VICTORIA, B.C. — The province of B.C. is considering raising speed limits, while at the same time hiring up to 100 new police officers to enforce traffic laws.
Rich Coleman, Solicitor General for the province recently told local media he plans on developing a provincial traffic enforcement team that will patrol highways, operate speed tracks and road checks.
“Our intention is to have an integrated traffic unit up and running as soon as we can hire the police officers early in the new year,” Coleman told reporters. “We can have the critical mass of people that can actually be out there on the streets and highways of B.C. … so we can push back against some of the problems we have.”

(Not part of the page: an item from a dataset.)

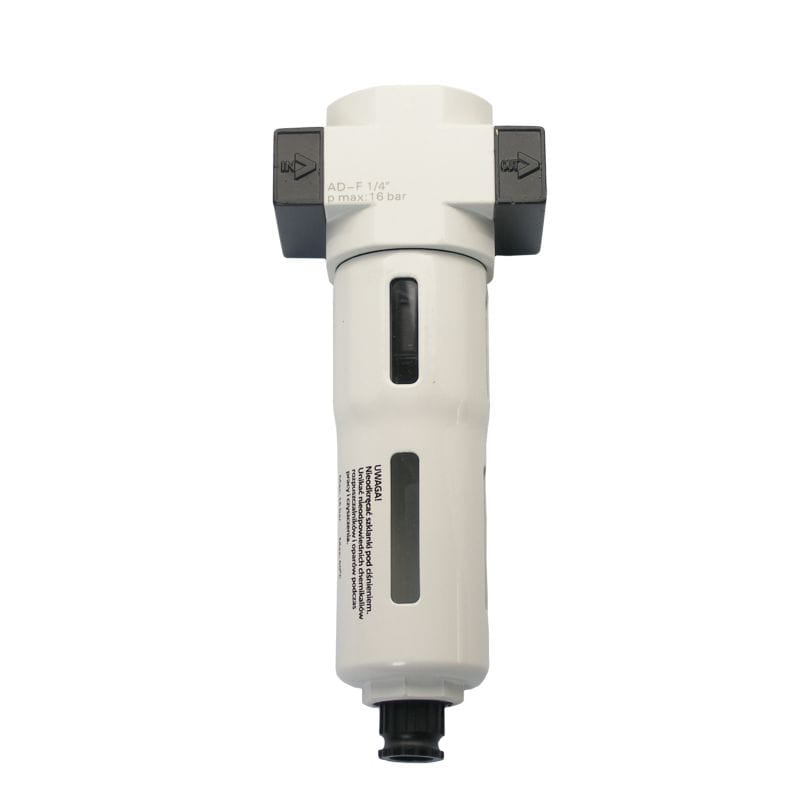 Filtruje sprężone powietrze ze stałych i płynnych cząsteczek i tym samym w dużym stopniu chronią i znacznie przedłużają żywotność pneumatycznych maszyn i urządzeń. Oba przyłącza to gwinty wewnętrzne 1/4 cala. Filtry mogą być zamontowane tylko w pozycji pionowej, w obie strony zgodnie z kierunkiem przepływu powietrza. Filtry Adler Industrial wyposażone są w dokładne wkłady filtrujące sprężone powietrze z cząsteczek większych niż 5 mikronów (5µ).

At the same time, the Ministry of Transportation is taking a good look at raising the speed limit on provincial roads from 110 km/h to 120 km/h. That’s based on suggestions from a consultant’s report, which was recently released. The report also suggests decreasing speed limits on dangerous mountain roads while posting advisory speed limits at nights in areas frequented by wildlife.

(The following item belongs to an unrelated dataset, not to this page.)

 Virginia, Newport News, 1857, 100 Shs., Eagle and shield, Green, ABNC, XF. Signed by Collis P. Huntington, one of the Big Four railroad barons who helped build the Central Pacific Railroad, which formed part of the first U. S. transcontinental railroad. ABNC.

On rural roads, the province is considering eliminating posted speed limits altogether, instead requiring motorists to drive at "a reasonable and prudent" speed, depending on road conditions.

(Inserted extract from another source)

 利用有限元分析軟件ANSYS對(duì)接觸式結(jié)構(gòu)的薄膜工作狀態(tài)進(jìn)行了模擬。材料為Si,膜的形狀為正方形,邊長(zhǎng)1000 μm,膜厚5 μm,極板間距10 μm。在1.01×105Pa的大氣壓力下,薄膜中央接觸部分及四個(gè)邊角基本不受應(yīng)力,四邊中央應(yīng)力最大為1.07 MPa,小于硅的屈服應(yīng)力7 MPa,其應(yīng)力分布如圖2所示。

“It’s government’s obligation to always look at speed limits. Roads change, roads become congested. It is an evolving dynamic,” said Transportation Minister, Judith Reid. “Our number one priority is safety combined with common sense.”
Ian Tootill, executive director of the Society for Safety by Education Not Speed Enforcement agreed.
“Some of our roads are under-posted by 20 km/h,” Tootill told local media. “If you have a limit that is respected by people, they will pay attention to it.”